Dans Exil intérieur, réalisé par Yvona Finianos et diffusé notamment sur la plateforme MK2 Curiosity, Acil Abdul Hadi participe à une œuvre qui explore l’exil non comme un événement spectaculaire, mais comme une condition silencieuse. Le film, tourné en arabe libanais et sous-titré en français, suit des trajectoires où la séparation d’avec le pays natal ne se formule pas toujours en mots. Le titre dit l’essentiel. L’exil n’est pas seulement géographique. Il est intérieur, diffus, parfois invisible. L’interprétation d’Acil Abdul Hadi s’inscrit dans cette retenue. Elle ne surligne pas l’émotion. Elle la laisse affleurer.

Cette même économie de moyens traverse On ne le quitte pas, on s’en arrache, Ghassa, documentaire de Hania Khoury consacré aux Libanais ayant quitté leur pays après l’explosion du port de Beyrouth en août 2020. Le film aborde l’immigration, la redéfinition du chez soi et la tentative de réconciliation avec un pays blessé. Là encore, la présence d’Acil Abdul Hadi s’inscrit dans une logique d’écoute et de justesse. Le jeu ne vient pas expliquer. Il accompagne.

Dans Dans les yeux de Maya, court-métrage de Salim Saab présenté au Festival du film libanais de France, elle tient un rôle principal aux côtés de Ralph El Khoury. En douze minutes, le film condense une relation complexe au Liban, faite d’attachement, de douleur et de lucidité. Le regard d’Acil Abdul Hadi y devient un espace narratif à part entière. Il ne s’agit pas de représenter un pays, mais de rendre perceptible un lien affectif fragmenté, jamais stabilisé.

Ce qui relie ces œuvres, au-delà de leurs formes, c’est une même approche du jeu. Une attention au détail, au silence, au non-dit. Une manière de refuser l’emphase pour privilégier la densité. Cette posture trouve un écho direct dans sa démarche de chercheuse. Étudier les carrières internationales, c’est interroger ce que le déplacement fait aux trajectoires, aux identités professionnelles et aux équilibres personnels. Jouer des rôles liés à l’exil, c’est explorer ces mêmes questions par d’autres moyens.
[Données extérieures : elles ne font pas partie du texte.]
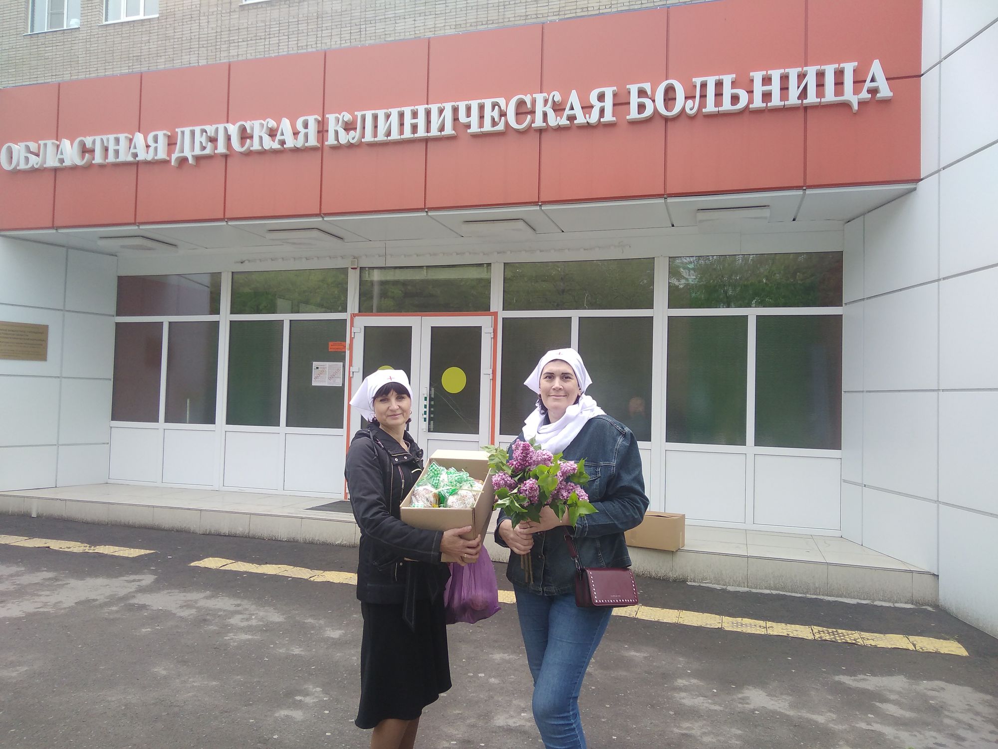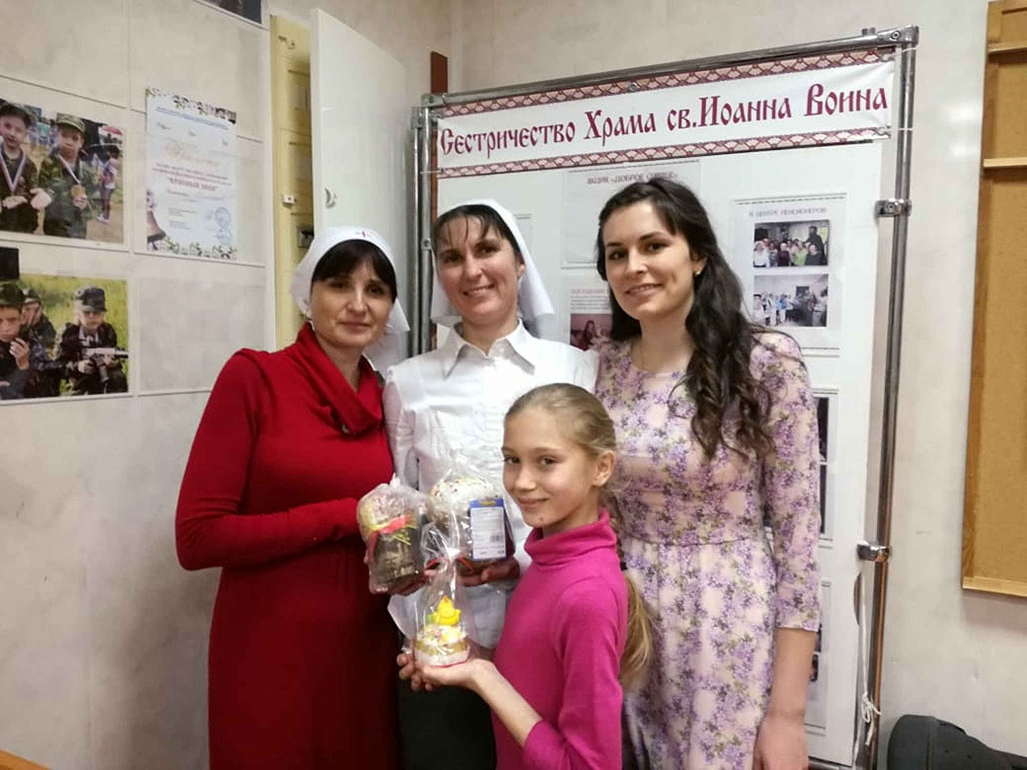 По благословению настоятеля протоиерея Валерия Волощука 30 апреля 2019 года, сестры посетили окормляемый Центр социальной защиты населения Советского района, где была показана презентация «Светлый праздник Пасхи!» В этот же день сестры милосердия побывали в детской областной больнице, отделении педиатрии. Деткам принесли пасхальные куличи, собрали записочки о здравии и рассказали о Светлом празднике Пасхи!

Acil Abdul Hadi ne cherche pas à jouer l’exil. Elle l’aborde comme un terrain de réflexion, un espace de friction entre l’individuel et le collectif. Son jeu n’est jamais démonstratif. Il s’inscrit dans une temporalité lente, parfois inconfortable, qui oblige le spectateur à rester attentif. Cette exigence rejoint celle de la recherche. Accepter la complexité. Refuser les réponses simplistes.

Son rapport aux langues participe également de cette démarche. Passer du français à l’arabe, de l’anglais à l’arabe dialectal, ce n’est pas seulement changer de registre linguistique. C’est modifier une posture, un rythme, une manière de dire et de se taire. Cette plasticité linguistique devient un outil de jeu, mais aussi un objet de réflexion sur la circulation des récits et des identités.

Loin des figures médiatiques standardisées, Acil Abdul Hadi s’inscrit dans une génération d’artistes-intellectuelles pour lesquelles la création n’est pas dissociée de la pensée. Son parcours ne relève ni de l’exception spectaculaire ni du cumul opportuniste. Il dessine une cohérence rare, fondée sur une même exigence de rigueur, que ce soit dans la salle de cours, dans le cadre d’une recherche scientifique ou face à la caméra.

À une époque où l’exposition permanente tend à lisser les trajectoires, son choix d’avancer à contre-rythme apparaît presque politique. Elle ne cherche pas à résoudre les tensions entre art et savoir, entre ici et ailleurs. Elle les travaille. Elle les maintient ouvertes. Et c’est précisément dans cet espace, celui de l’exil pensé, interrogé, incarné sans être figé, que son travail trouve sa singularité.